▸ **Information shown**:
##############################

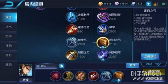 六神装:末世,影忍之足,无尽战刃,泣血之刃,破甲弓,逐日之弓
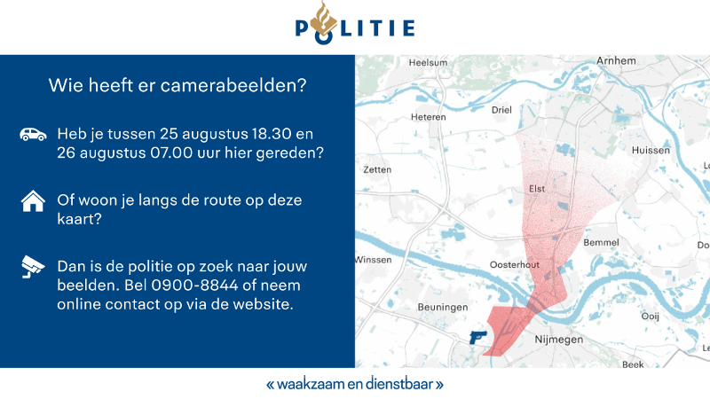 De man was neergeschoten en de schutter is nog voortvluchtig. De politie is daarom op zoek naar mensen die camerabeelden hebben gemaakt rond de Scherpenkampweg, bij voorkeur op 25 augustus tussen 18.30 en de volgend ochtend 07.00 uur. TGO vraagt daarbij ook om dashcambeelden van bestuurders die in de omgeving van het voormalige zorgcomplex Kinderdorp Neerbosch reden rond die tijd.
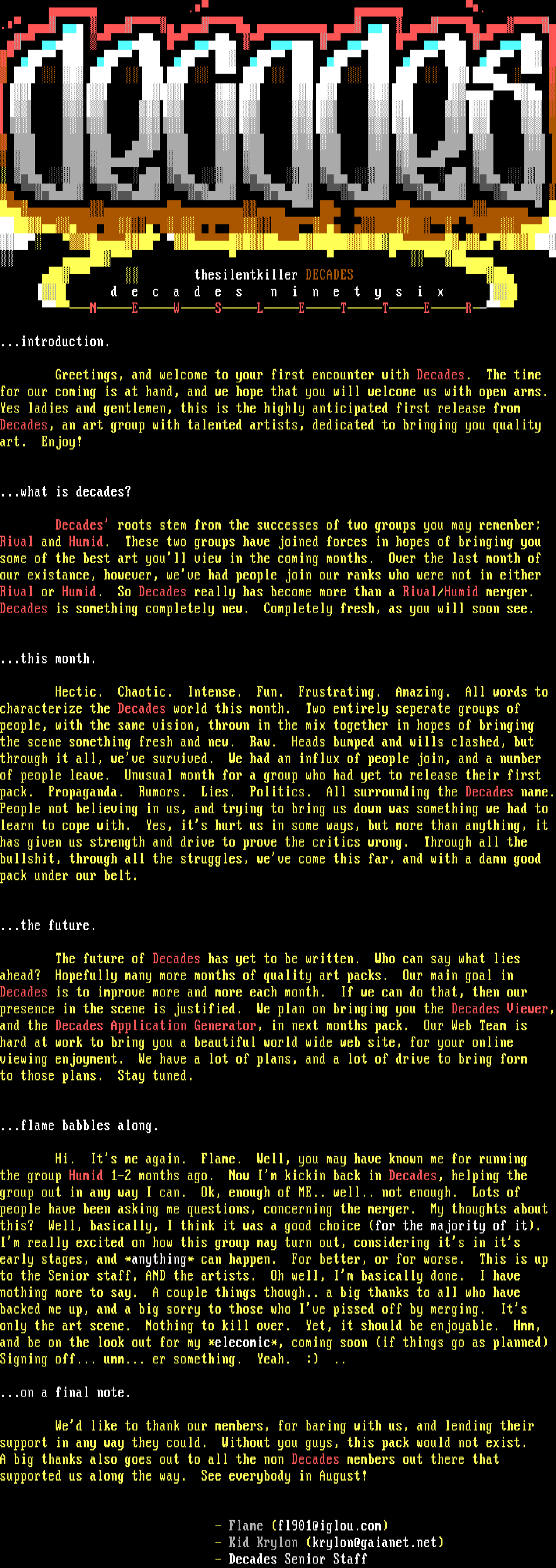 presence in the scene is justified. We plan on bringing you the Decades Viewer,and the Decades Application Generator, in next months pack. Our Web Team is
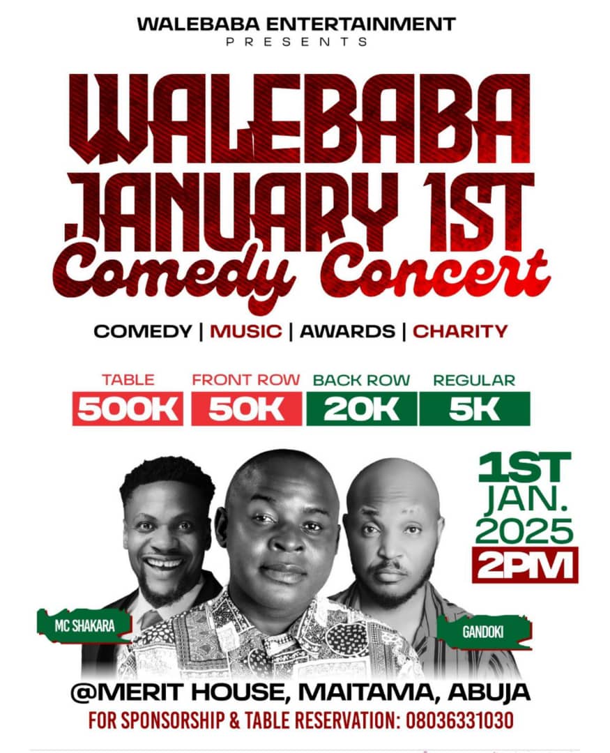 The Jan 1 Walebaba comedy show will hold at Merit House, Maitama Abuja amidst fanfare.

##############################

▸ **Task item**:
Your task is to retype exactly the lines that run from the line with "presence in the" through the last line of the material, with the pictures left out.

▸ **Result of the exercise**:
 presence in the scene is justified. We plan on bringing you the Decades Viewer,and the Decades Application Generator, in next months pack. Our Web Team is
 The Jan 1 Walebaba comedy show will hold at Merit House, Maitama Abuja amidst fanfare.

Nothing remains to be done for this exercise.